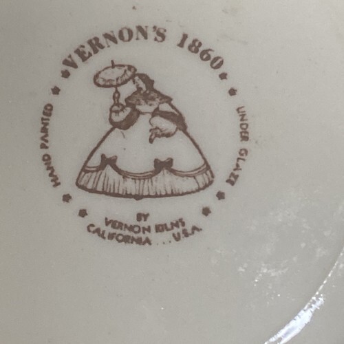 Vernon Kilns was founded in 1931 by Faye G. Bennison, who bought the former Poxon China plant in Vernon, California. Vernon Kilns produced a variety of products, including artware, figurines, giftware, and tableware. They collaborated with famous artists and designers, such as Don Blanding, Rockwell Kent, and Walt Disney. They also made specialty transfer print ware, such as the Vernon?s 1860 series1.
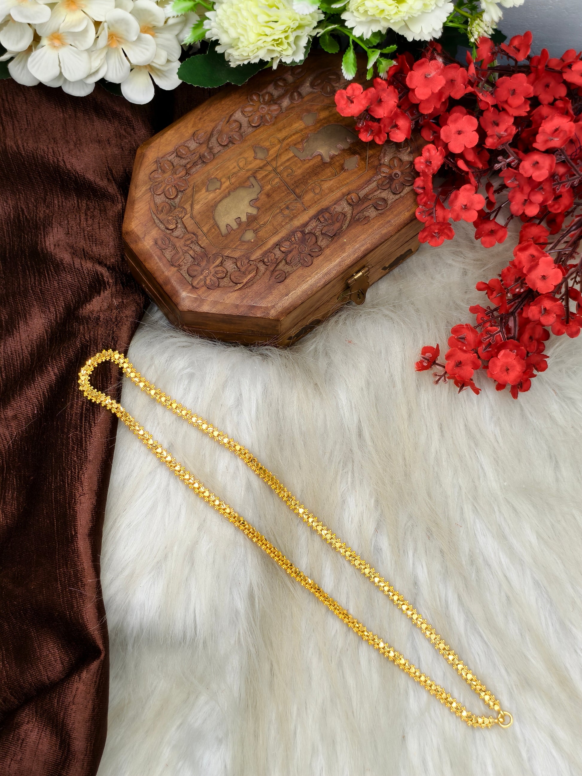 Upgrade your look with this stylish Gold Plated Matte Finished Chain, crafted to give a rich and elegant real-gold appearance. The matte texture adds a premium touch, making it perfect for everyday use or special occasions.
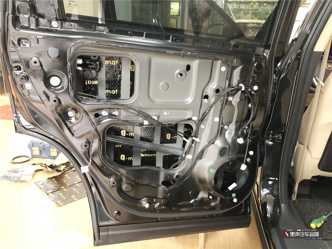 车四门第一层使用中道Q-mat顶级减振分块满贴进行减振处理,有效抑制钣金抖动,强化钣金,减少噪音的产生和传递。
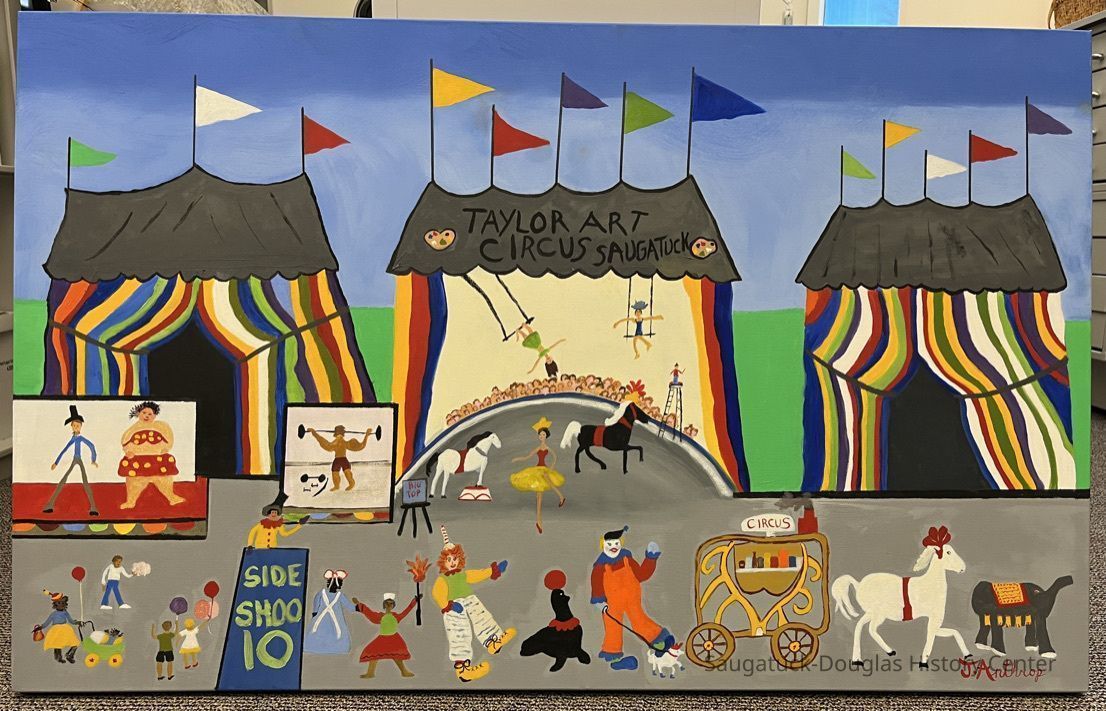 Painting inspired by Taylor Art School student mural project (see 2022.36.02).
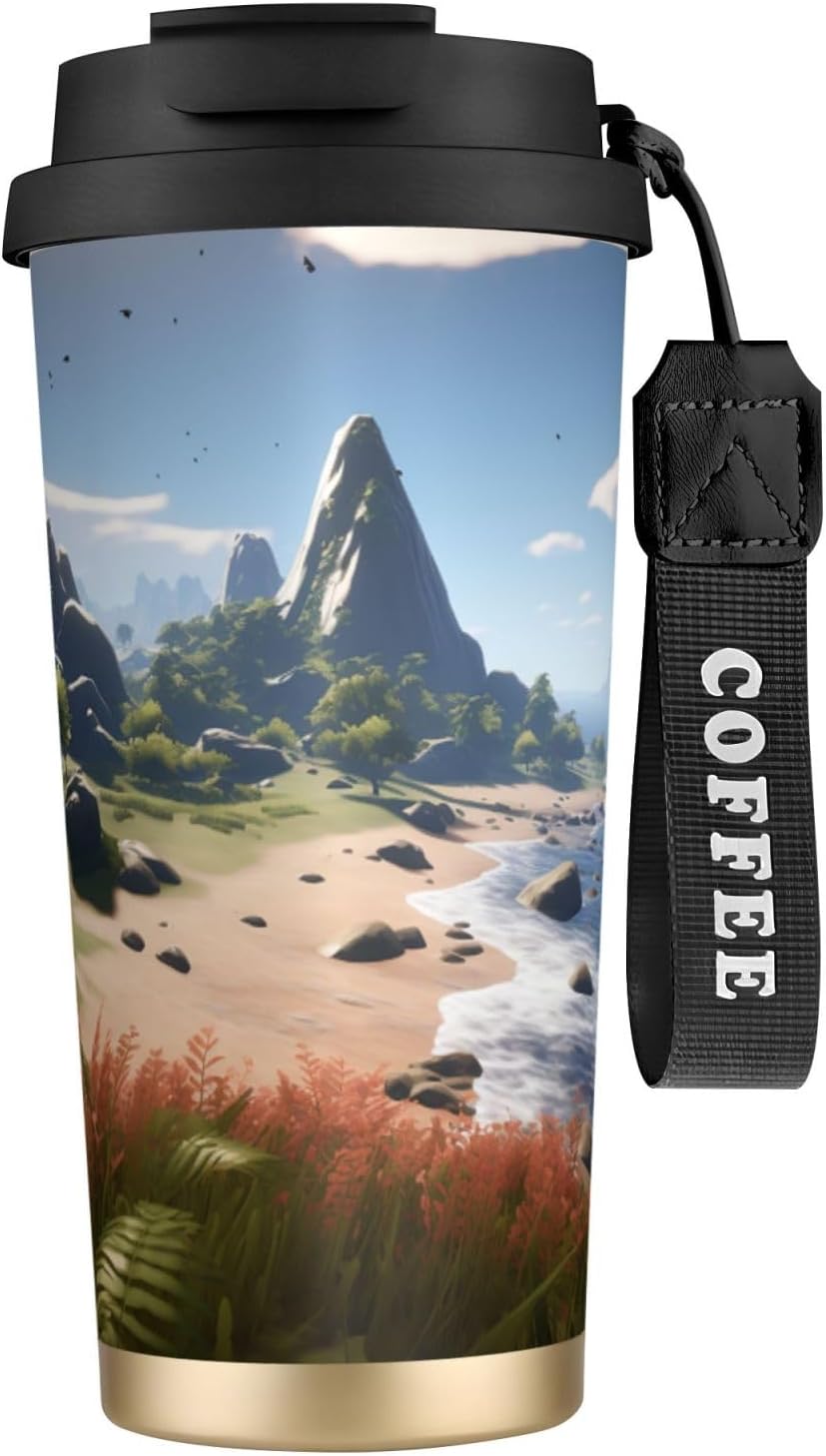 Summer Island Beach Experience the ultimate blend of style and functionality with our uniquely designed coffee mug. Perfectly suited for those who appreciate individuality, this 16 oz tumbler features a full-print, customized design that sets it apart from ordinary mugs. Made from top-grade 316 stainless steel on the inside and 201 stainless steel on the outside, along with a PP lid and straw, this mug is not only stylish but also incredibly durable.The superior insulation keeps your drinks at the desired temperature for more than 12 hours, ensuring you can enjoy your coffee, tea, or any other beverage no matter the weather. The ergonomic, tapered shape of the mug provides a comfortable and firm grip, making it easy to handle and carry. Whether you're on the go, relaxing at home, or working in the office, this versatile tumbler is the perfect companion.Additional features include a dual-drink lid, a convenient straw, and a sturdy nylon wrist strap for portability. The non-slip base adds an extra layer of security, keeping your drink stable on any surface. For cleaning, simply wash with water or wipe down; avoid using bleach or a dishwasher. Note that due to different measurement methods, a slight variation of 1-3 cm in size is considered normal.Make a statement with our unique, customized coffee mug, and elevate your drinking experience today!
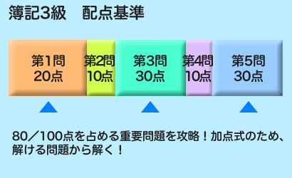 簿記3級試験は全5問出題され(記述式)、各配点は、第1問20点、第2問10点、第3問30点、第4問10点、第5問30点です。 このうち配点の大きい第1問:仕訳、第3問:試算表、第5問:精算表・財務諸表の作成が得点源となります。繰り返し学習をして、ココを得点できれば合格基準はクリアです。
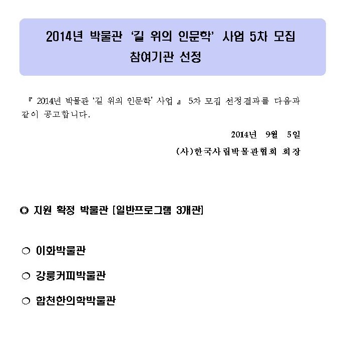 2014 박물관 길 위의 인문학 5차 기관모집 선정결과발표 페이지 정보 작성자 관리자 작성일14-09-05 14:34 조회37,862회 댓글0건 관련링크 이전글 다음글 목록 본문 댓글목록 등록된 댓글이 없습니다. 이전글 다음글 목록

+ + + + + + +

#### GOAL OF THE EXERCISE:
Please output exactly the lines of the data above, from its first line through the line with "Painting inspired by", and nothing else; drop the pictures.

#### RESPONSE:
 Vernon Kilns was founded in 1931 by Faye G. Bennison, who bought the former Poxon China plant in Vernon, California. Vernon Kilns produced a variety of products, including artware, figurines, giftware, and tableware. They collaborated with famous artists and designers, such as Don Blanding, Rockwell Kent, and Walt Disney. They also made specialty transfer print ware, such as the Vernon?s 1860 series1.
 Upgrade your look with this stylish Gold Plated Matte Finished Chain, crafted to give a rich and elegant real-gold appearance. The matte texture adds a premium touch, making it perfect for everyday use or special occasions.
 车四门第一层使用中道Q-mat顶级减振分块满贴进行减振处理,有效抑制钣金抖动,强化钣金,减少噪音的产生和传递。
 Painting inspired by Taylor Art School student mural project (see 2022.36.02).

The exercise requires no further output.